Training for psilocybin facilitators can cost up to $10,000, and facilitators are also required to pay a $2,000 annual license fee. Service centers, test labs, and manufacturers must pay $10,000 each year for a license.

Additionally, it is expected that many psilocybin brokers are currently therapists, and the typical price of therapy is around $150/hour. The number of hours required for a preparation, administration and a possible integration session can quickly add up to 8-10 working hours or even more.

There will likely be intermediaries and service centers offering more affordable services, but no training or operations are subsidized by the state as of yet.

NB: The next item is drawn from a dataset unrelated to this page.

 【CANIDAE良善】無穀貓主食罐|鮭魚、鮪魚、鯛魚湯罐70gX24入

How many mushrooms can I take?

Mushrooms are measured by the psilocybin content, which is around 1% of the total weight of the dried shrooms. For example, 1 gram of mushrooms is approximately 10 mg (milligrams) of psilocybin.

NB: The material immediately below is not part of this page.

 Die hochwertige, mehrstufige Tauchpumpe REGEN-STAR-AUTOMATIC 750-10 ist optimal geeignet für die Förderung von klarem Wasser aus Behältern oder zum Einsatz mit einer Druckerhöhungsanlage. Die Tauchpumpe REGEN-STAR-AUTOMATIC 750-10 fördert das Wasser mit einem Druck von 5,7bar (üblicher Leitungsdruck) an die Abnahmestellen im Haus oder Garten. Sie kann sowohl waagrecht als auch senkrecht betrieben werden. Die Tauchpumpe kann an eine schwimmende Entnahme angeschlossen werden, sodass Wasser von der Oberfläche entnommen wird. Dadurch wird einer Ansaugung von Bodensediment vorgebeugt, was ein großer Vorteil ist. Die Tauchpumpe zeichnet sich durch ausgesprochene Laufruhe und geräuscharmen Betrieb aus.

The maximum allowable amount of psilocybin in one administration session is 50 mg, or about 5 grams of dried mushrooms. This can be divided into several doses.

It’s important to note that these are not exact numbers – each mushroom has a different amount of psilocybin. All products must be tested for psilocybin content and are clearly labeled.


How to dose psychedelic mushrooms

How will the administrative session go?

The OPS system focuses on the customer, and it’s up to them to find the experience they want.

“A customer wants to find a licensed service center that fits the type of set and environment they really want to expand their experience with,” Allbee said. “This is a non-directive approach to psilocybin services, meaning the client leads the journey and licensed intermediaries are there to assist.”

A mushroom trip usually lasts 4-6 hours. OPS rules state that a client must stay at a service center for at least a certain amount of time depending on the dose of psilocybin taken:

  • 2.5-5mg: 1 hour
  • 5-10mg: 2 hours
  • 10-25 mg: 4 hours
  • 25-35 mg: 5 hours
  • 35-50mg: 6 hours

Customers can stay longer in a service center if they wish.


How long do magic mushrooms stay in your system?

What if I have a bad trip?

The OPS system is customer driven, and moderators are there to help customers throughout their psilocybin experience, whether it be emotional, difficult, beautiful, complex, or a combination thereof, Allbee says.

“We don’t really have a term for a bad trip. The psilocybin journey can bring reactions to the surface,” Allbee said. “The licensed facilitator that goes through these training programs learns how to support someone and how to be with them in those reactions … It’s really about having support and someone who can be with you.”

How do I get home from a service center after tripping over mushrooms?

A client and facilitator must agree in writing on a transportation plan during the prep session before the client consumes psilocybin. The customer is not allowed to drive home or operate machinery, which could be restrictive for those living without access to transport or in rural areas.

Pat Goggins

Pat Goggins is a senior content editor at Leafly, specializing in cannabis cultivation after working for a commercial grower in Oregon. When you’re not correcting typos, chances are you’ll find him on a boat or in the mountains.